The Republikanischer Schutzbund (German: [ʁepubliˈkaːnɪʃɐ ˈʃʊtsˌbʊnt], Republican Protection League) was an Austrian paramilitary organization established in 1923 by the Social Democratic Party (SDAPÖ) to secure power in the face of rising political radicalization after World War I.
It had a Czech section associated with the Czechoslovak Social Democratic Workers Party in the Republic of Austria.
The Republikanischer Schutzbund was one of many paramilitary forces to organize after the fall of the Habsburg Empire. This one in particular was a branch of the Social Democratic Workers' Party (SDAPÖ).
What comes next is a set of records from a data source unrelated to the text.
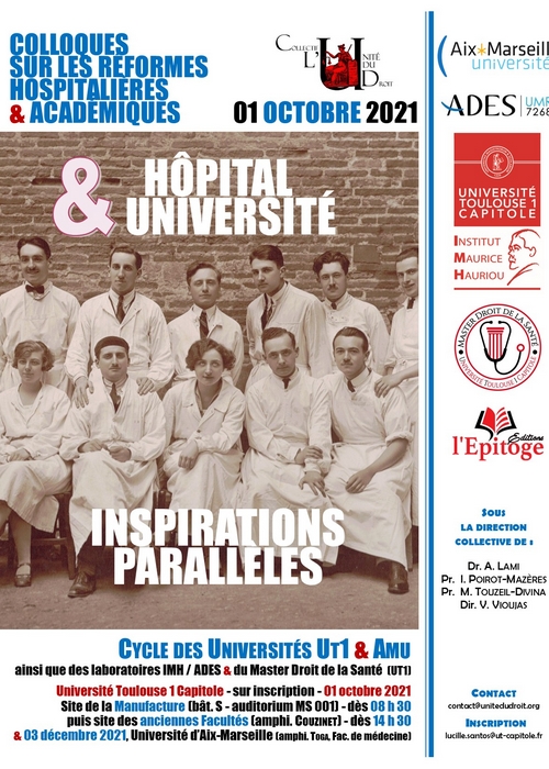 Le présent cycle de colloques, organisé en deux journées distinctes (Toulouse, 01 octobre 2021 & Marseille, 03 décembre 2021) dans un souci de pluridisciplinarité, ambitionne d’examiner les réformes de l’hôpital et de l’Université à travers ce double prisme. Dans cette perspective, il réunit, pour la première fois, des spécialistes du droit hospitalier et du droit de l’enseignement supérieur. La première journée s’efforcera d’interroger les points de convergence entre réformes hospitalières et universitaires et leurs limites. La seconde abordera le partenariat naturel né des ordonnances de 1958 et les mutations à l’œuvre dans la formation des professionnels de santé.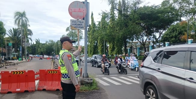 Selain melakukan pengaturan lalu lintas, personel Polsek Purwakarta juga memberikan himbauan kepada pengguna jalan agar selalu mematuhi peraturan lalu lintas dan mengutamakan keselamatan.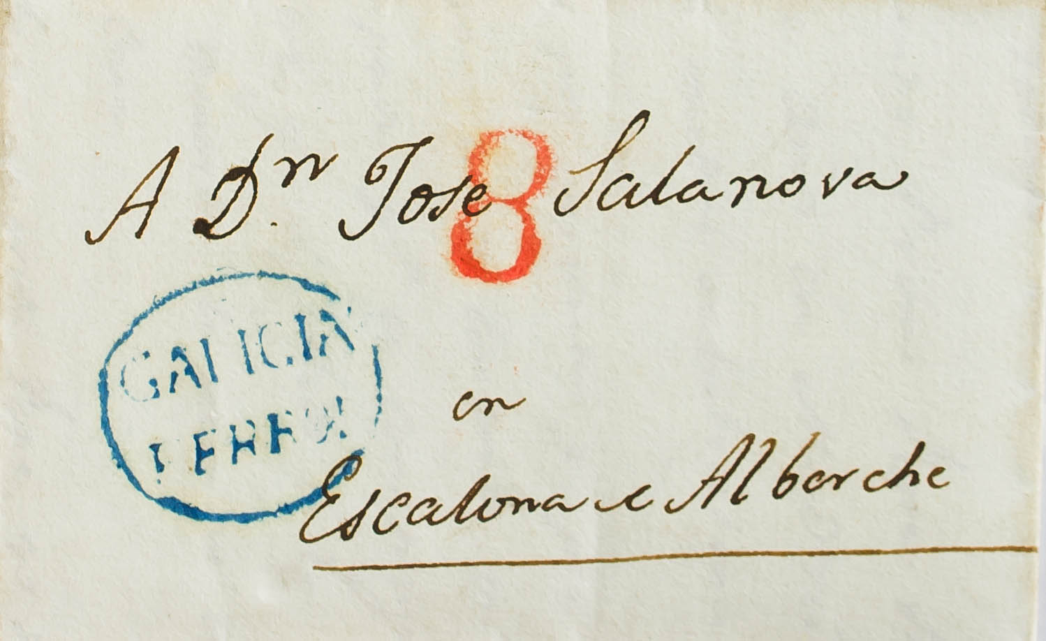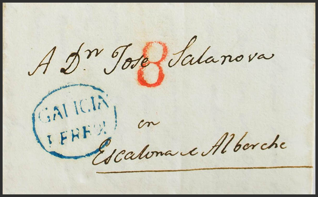 1838. EL FERROL a ESCALONA. Marca GALICIA / FERROL, en azul (P.E.11) edición 2004. MAGNIFICA.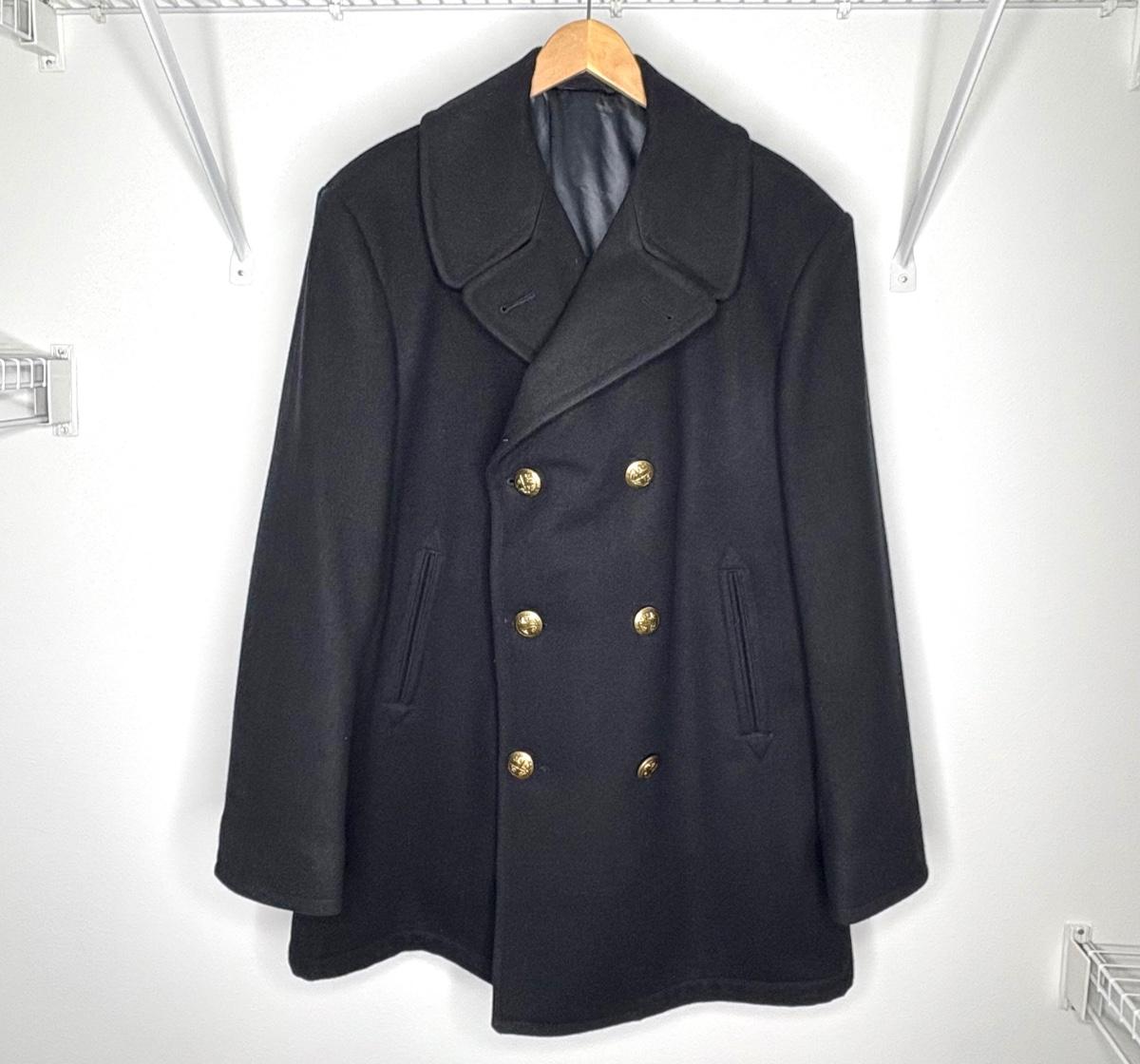 Men’s Vintage Black Wool Peacoat - Size Large

Its purpose was to defend the party and to maintain the balance of power amidst increasing radicalization of politics in Austria. This includes a good amount of saber rattling between the Schutzbund and the conservative Heimwehr, as encouraged by the SDAPÖ newspaper, the Arbeiter Zeitung.
On January 30 of 1927, a veterans' group clashed with the Schutzbund, leaving one veteran and one child killed by the right-wing Heimwehr. The results of the trial led to the July Revolt of 1927.
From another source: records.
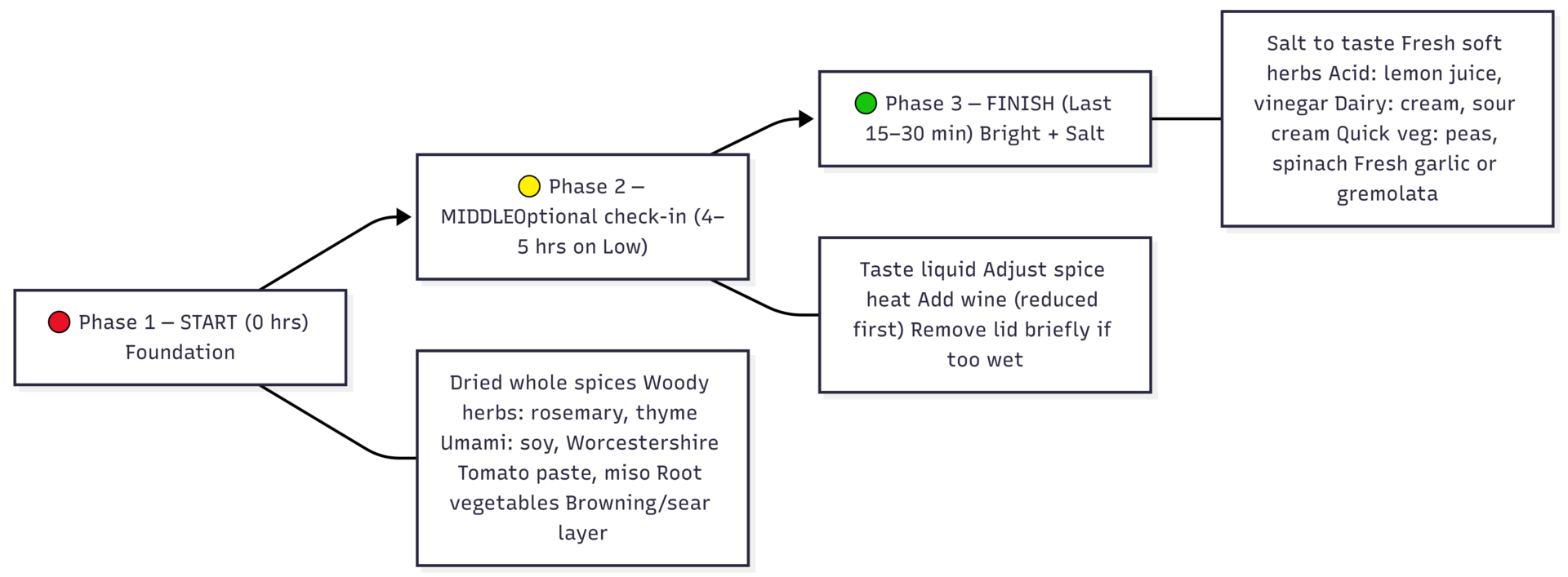 Every well-seasoned slow cooker dish follows a three-phase structure. Think of it as building a flavor foundation at the start, developing the middle, and finishing bright at the end.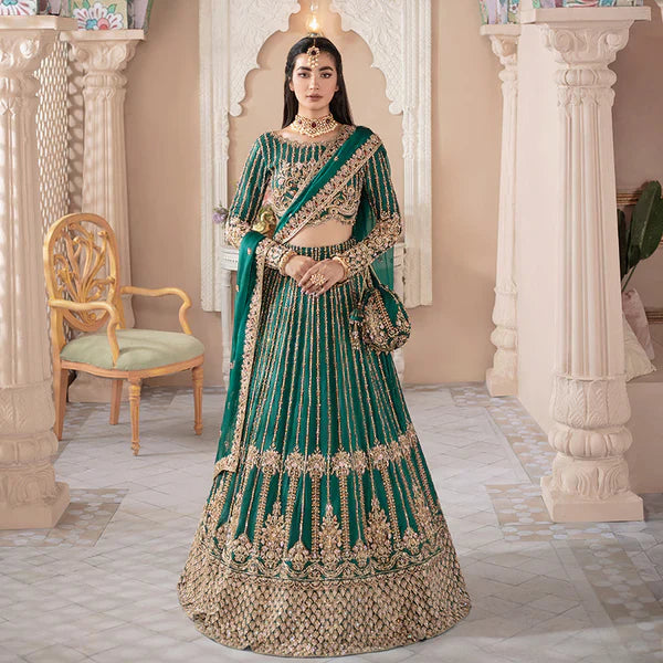 The magic of linear design with engaging embellishments on a forest green hue is what makes Fariza an eye-catching outfit. The timeless silhouette is crafted on Korean silk, with floral and lined motifs. Lavishly adorned lehenga is flawlessly hand worked giving it a sublime look. The elaborately detailed border and sequin spray on the organza dupatta makes the ensemble ideal for any festive event.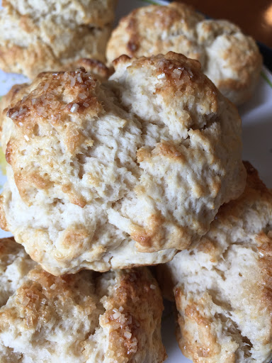 Using a large cookie scoop, place dough on cookie sheet. Brush with cream and sprinkle with turbindo sugar or sparkling sugar.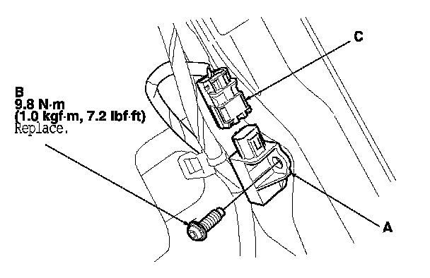 4. Remove the TORX bolt (C) using a TORX T30 bit, then remove the side impact sensor (second).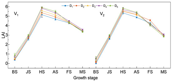 3.1. Effects of Planting Density on LAI

By June 1933, Federal Chancellor Engelbert Dollfuß banned the Schutzbund, forcing it underground. On February 11, 1934, the Heimwehr commander in Vienna Emil Fey called for the disarmament of the Schutzbund. Upon raiding Hotel Schiff in Linz, the Linz Schutzbund commander Richard Bernaschek actively resisted, resulting in armed conflict known as the Austrian Civil War.